A. IKEON High Level Block Diagram 

FIG. 6 is a block diagram of an IKEON processor 600, according to an 
embodiment. FIG. 6 depicts IKEON processor 600 communicatively coupled to an 
external routing processor (RP) 610. IKEON processor 600 includes an RP interface 
620, a local data memory 630, an instruction memory 640, an exception handler 650, a 
processor core 660, and a set of coprocessors that may be used for encryption protocol 
computations, such as for the RSA, DSA, and Diffie-Hellman protocols. 

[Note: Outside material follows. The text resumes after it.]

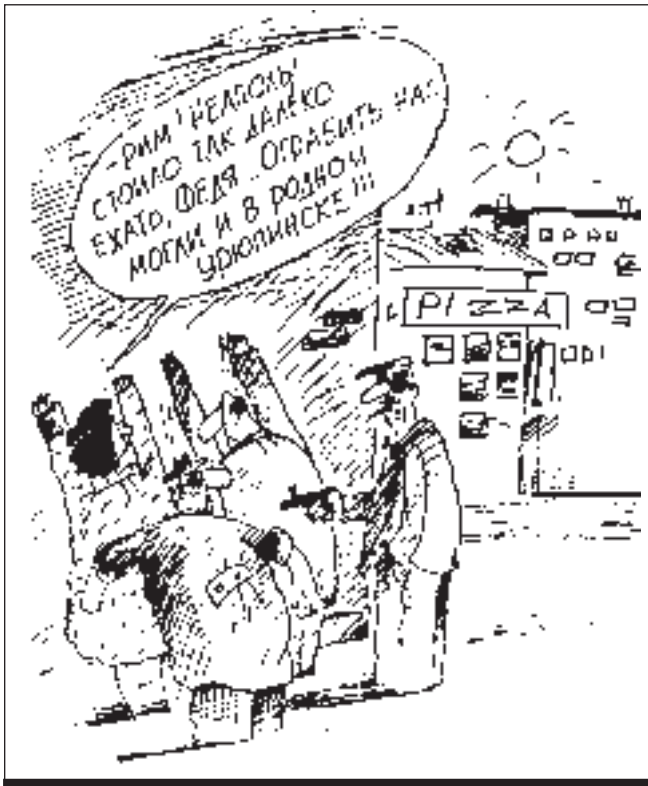
РИСУНОК МИХАИЛА ЛЯРЧЕНОВА

...Через месяц я возвращался из отпуска домой. Улетел с того же Центрального аэровокзала. До регистрации оставалось полчаса. Я вышел на улицу, достал сигареты и... столкнулся нос к носу с той самой рыжей подругой «потерпевшей». Она как ни в чем не бывало обратилась ко мне с просьбой: «Мужчина, угостите покурить». Задумав, отошла и стала внимательно наблюдать за стоянкой такси. А там... билась в истерике все та же старая знакомая - несчастная женщина с ребенком на руках. Рыдая на всю округу, она голосила о потерянном кошельке.

RP interface 620 provides communications with the external RP 610. Local 
data memory 630 is shared between the RP and RMC processors, and local data memory 
630 may include 24 KB of local data SRAM. Instruction memory 640 is accessible by 
the external RP processor and may include 16 KW of RMC instruction memory. 
Processor core 660 may be implemented as a VLIW engine with double, non-modular, 
32/64 bit execution units. 

The set of coprocessors include the following: a modular ALU-1 670, a 
modular ALU-2 672, a CRT module 676, a GCD module 678, a DES/AES module 680, 
a MD5/SHA-1 module 682, a MEXT module 684, and a RNG module 686. 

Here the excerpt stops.